Nisheeth C DesaiH C SomaniH K MehtaD J JadejaA G KhasiyaV M Khedkar
Published in: SAR and QSAR in environmental research (2022)
Multidrug-resistant tuberculosis (MDR-TB) is a severe threat to mankind because most drugs are ineffective in inhibiting tubercular strains. Due to the increase of MDR-TB, many first and second-line drugs are ineffective against tubercular strains. To combat the resistance of currently accessible drugs, structural changes must be made on a regular basis. Thus, in the search for new antimycobacterial drugs, a series of 1-(2-(1 H -indol-3-yl)-5-phenyl-1,3,4-oxadiazol-3(2 H )-yl)-3-phenylprop-2-en-1-ones (5a-o) have been developed, synthesized, characterized, and screened for antimycobacterial activity.
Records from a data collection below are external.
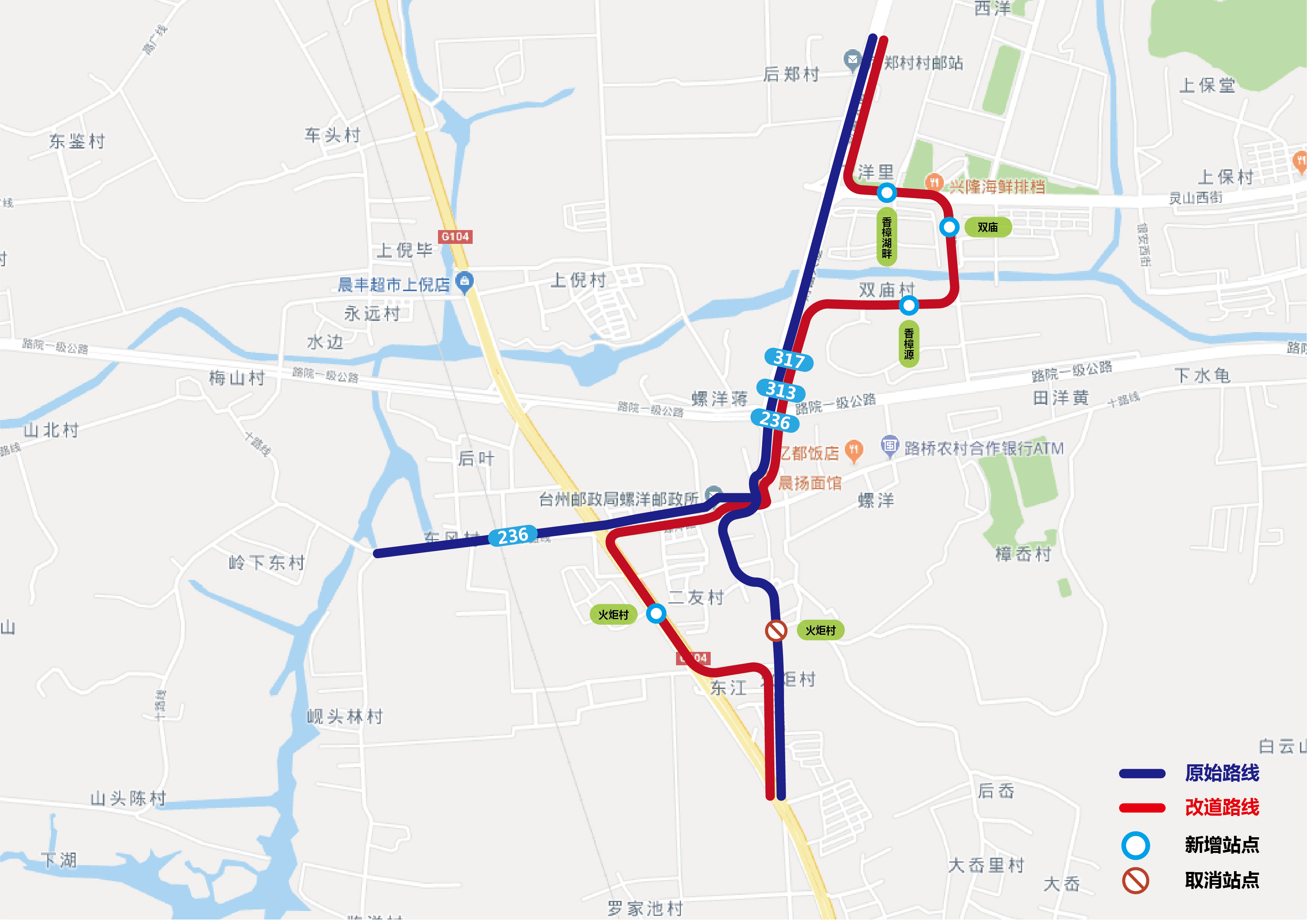 236路、313路、317路:取消财富大道至灵山西街路段,改由银安西街经双庙路、灵山西街至财富大道,增设香樟源、双庙、香樟湖畔三个站点停靠,其中313路与317路永久取消022乡道火炬村至螺洋街一段,改由G104国道经十路线至螺洋街。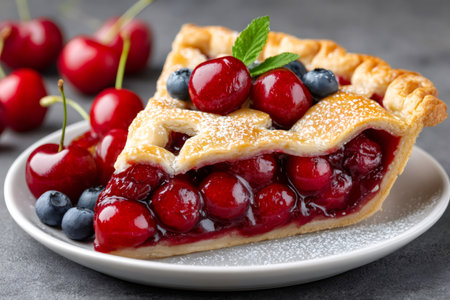Cherry pie slice topped with fresh berries and powdered sugar on a white plate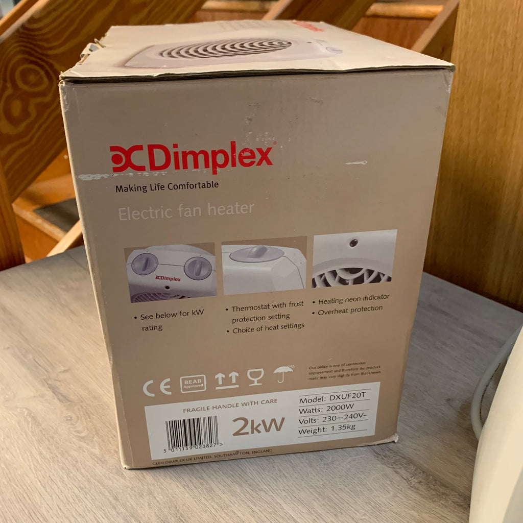 White Dimplex 2000w electric fan heater. Fully tested. 28 days warranty.

The synthetic approach includes imine generation and cyclization using both conventional and microwave methods to create hybrid molecules with indole and oxadiazole motifs. The set of synthesized compounds have demonstrated some promising activity against tubercular strains of Mycobacterium tuberculosis (ATCC 25177) and M. bovis (ATCC 35734). Compound 5l inhibited M. bovis strain 100% in 10 µg/mL concentration, while compound 5m inhibited M. tuberculosis strain 90.4% in 30 µg/mL concentration. Molecular docking study against mycobacterial enoyl reductase (InhA) could provide well-clustered solutions to the binding modes and affinity for these molecules as compound 5l showed glide score of -12.275 and glide energy of -54.937 kcal/mol.